Critical to keep 1.5°C target alive in negotiations, COP27 hears 

Anxiety is mounting about a watered-down text at COP27 that would revert to setting a 2°C rise instead of 1.5°C as a target for climate change. But delegates remain optimistic that there’s enough support for the 1.5°C target to keep it alive beyond this year’s climate talks. 

Delegates from the NGO space called on negotiators to deliver a deal that ensured a swift, just, and equitable phase-out of fossil fuels in the final text, to ensure that climate change stayed within the 1.5°C range. 

It has emerged from the talks – hammering out a deal behind closed doors – that some countries may be trying to get the wording around 1.5°C weakened; with some parties pushing for a return to “Paris Agreement language”, which centres on ‘well-below 2°C’. Climate talks after Paris have since managed to secure 1.5°C as a minimum, but that is now being threatened as some countries backpedal. 

There are real concerns that some countries may be backsliding at the climate talks this year, to previous promises they have made to prevent a climate emergency.

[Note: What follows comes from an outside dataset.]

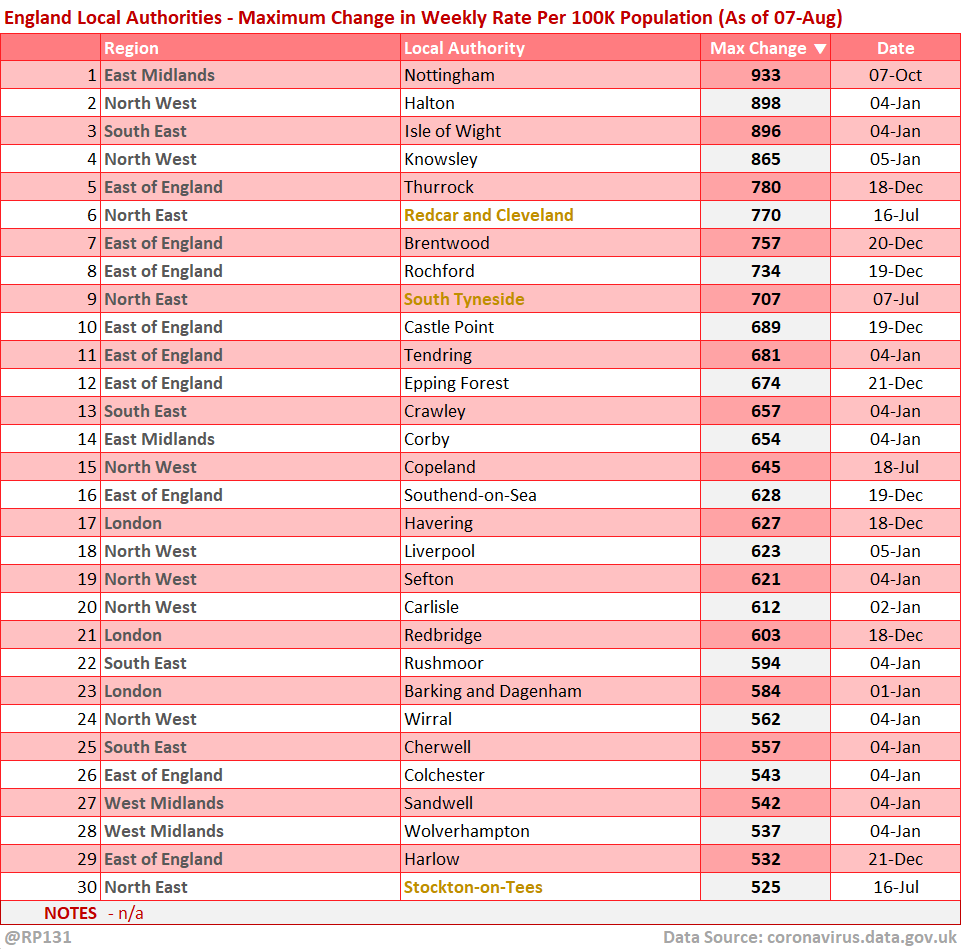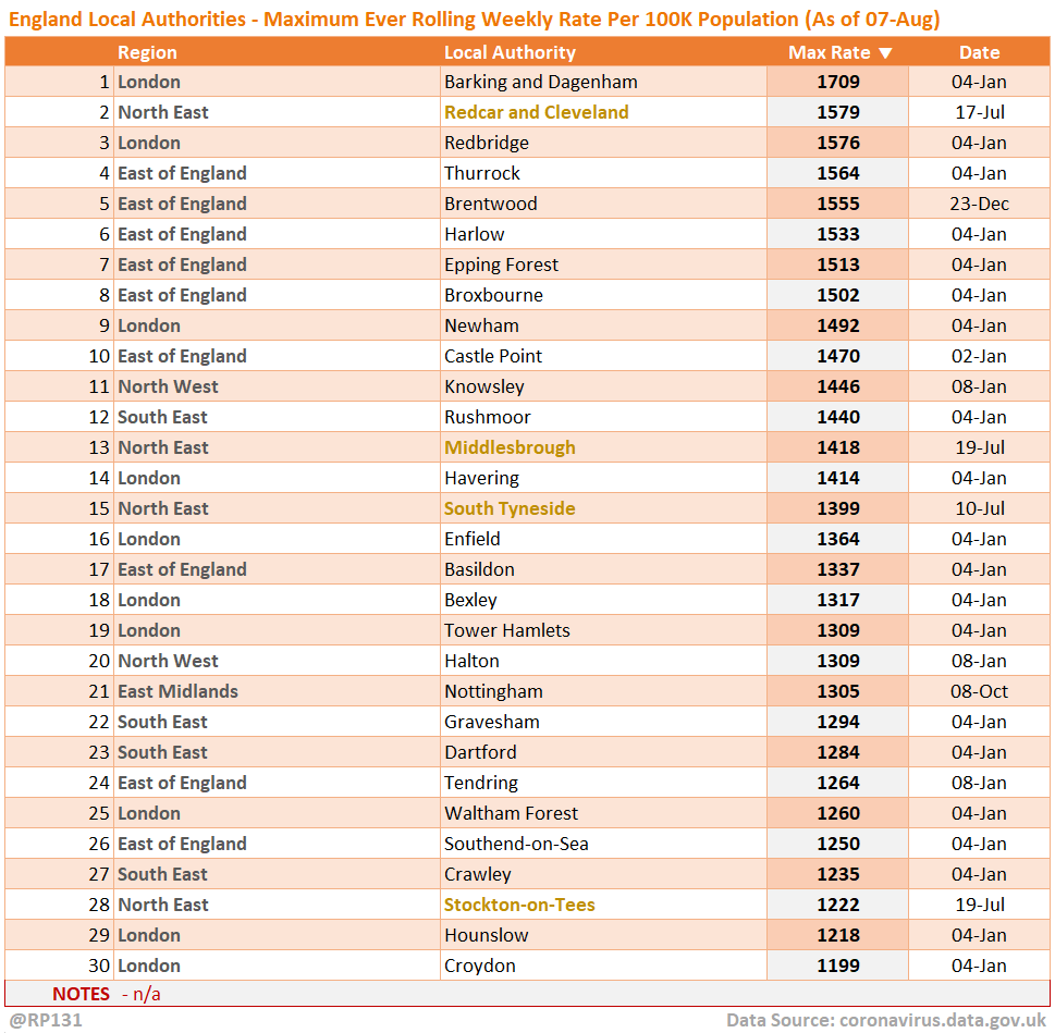 [9/13] Top 30 England local authorities by maximum weekly rate per 100K population recorded to date.

COP27 president, the UK’s Alok Sharma warned that COP27 could be the climate conference where the 1.5°C target is lost in the final text of the deal.  

“It’s really up to us to decide, I hope we will decide to keep 1.5°C alive,” he said. 

The first tentative draft of a COP27 deal – that will drive the climate crisis response global plan – drew criticism from climate activists who started to emerge of key potential decisions. Obstacles that have emerged in the first text of a draft deal include the promise of finance for climate adaptation, as well as the delivery of the $100 billion promised by rich countries by 2020 that has failed to materialise. 

In a negotiation draft text, the G77 bloc of developing countries and China proposed a loss and damage fund, which would help fund countries already hit by climate disasters. Loss and damage for the first time made it onto the official COP agenda, after years of resistance from rich nations fearing that it could open them up to lawsuits. Its inclusion on the main agenda this year has been hailed as one of the big successes of the conference so far. 

With sticking points emerging, delegates believed the talks could bleed into the weekend, with negotiations already running into the early morning hours.

Amidst the midnight scrambles for a COP27 deal, Indonesia also announced that they had managed to secure their own JETP with partners that included the US, Japan, and the UK to help wean the country off coal power. The deal was announced on the sidelines of the G20 summit in Indonesia.

Indonesia, the world’s fifth largest greenhouse gas emitter, will receive $20 billion of public and private finance in a deal modelled on the ground-breaking $8.5 billion JETP deal agreed with South Africa at the COP26 Summit last year. Developed nations also helped to broker South Africa’s JETP deal to move away from coal. Similar deals are also currently under discussion with Vietnam, India, and Senegal.

Indonesia’s JETP deal is expected to focus on both accelerating the early retirement of some of Indonesia’s largest and oldest coal plants while unlocking more investment in ramping up the nation’s renewable energy capabilities.